И он представил себе Тверской бульвар за чугунной оградой, весь в сугробах, заснеженную крышу нового МХАТа между деревьями, завьюженные липы под окнами, обжитую, удобную квартиру и ее, эту молодую женщину, выходящую из подъезда в вечерние огни бульвара, и даже увидел, как она на остановке, садясь в троллейбус с замороженными стеклами, расстегивала заиндевелый замочек сумки, чтобы достать проездной билет. И вообразив это, он остановил взгляд на мотках шерсти, мокрых от растаявшего снега (эти намокшие мотки особенно выказывали непоправимое несчастье), и, понимая безнадежность жалости и сострадания, сказал небрежно:
— Я хочу купить у вас матрешку. Сколько она стоит?

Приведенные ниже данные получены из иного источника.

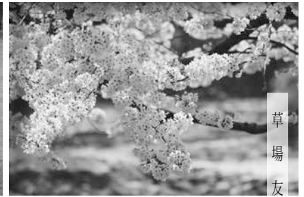
草 場 友 光 (平11曹)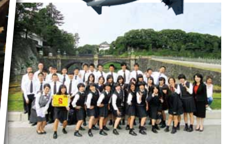
皇居前広場(二重橋)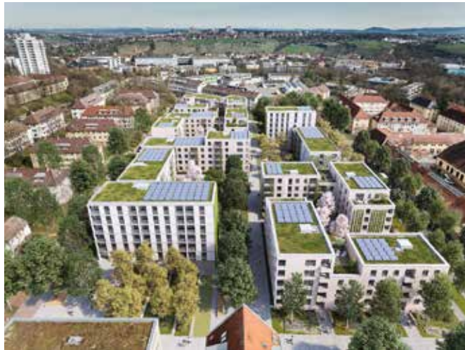
Teilgebiet 6: Visualisierung

Öffnungszeiten Bitte buchen Sie Ihren persönlichen Beratungstermin telefonisch oder online unter www.swsg.de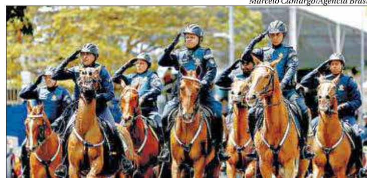
Esquadrões de Polícia Montada durante o desfile militar em Brasília

pelo público. Agora estou prestigiando vários amigos da ativa. Sempre que posso venho ao desfile”, afirmou.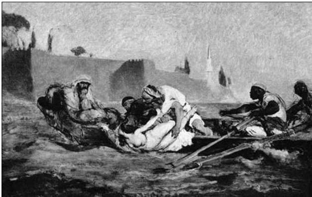
Іл. 7. Матейко Ян. «Хасан топить невірну дружину». Джерело: [12]

початку ХХ ст. там навіть розмістили читальню родини Альтенбергів.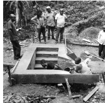
Hilfe für Gemeinden im Umfeld des Maiko-Parks: oben Ausbau einer Trinkwasserquelle, unten eine Ölmühle, in der Palmöl gepresst wird.

Der Vorstand der Berggorilla & Regenwald Direkthilfe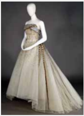
ピエール・バルマン イヴニング・ドレス 「ジャンボールのタバ」 1961年 神戸ファッション美術館蔵

— Я не продам, — ответила она вполголоса, опуская глаза.
— Почему?
— Я знаю: у советских туристов нет лишних денег, — проговорила она, и манера, с какой она курила, снова напомнила ему Москву, зимний вечер, съезд и тесноту машин у Дома кино на Васильевской улице, чью-то очередную премьеру, а в просторном фойе хорошо одетые женщины курили в креслах, смеялись, говорили о последнем фильме Феллини, о бракоразводном процессе Элизабет Тейлор, об ужасно затянутой картине Антониони…
— Я через два часа улетаю в Москву, — сказал он и безмятежно вынул бумажник. — Деньги мне уже не нужны. А матрешка чудесная. У меня сто шиллингов. Этого хватит?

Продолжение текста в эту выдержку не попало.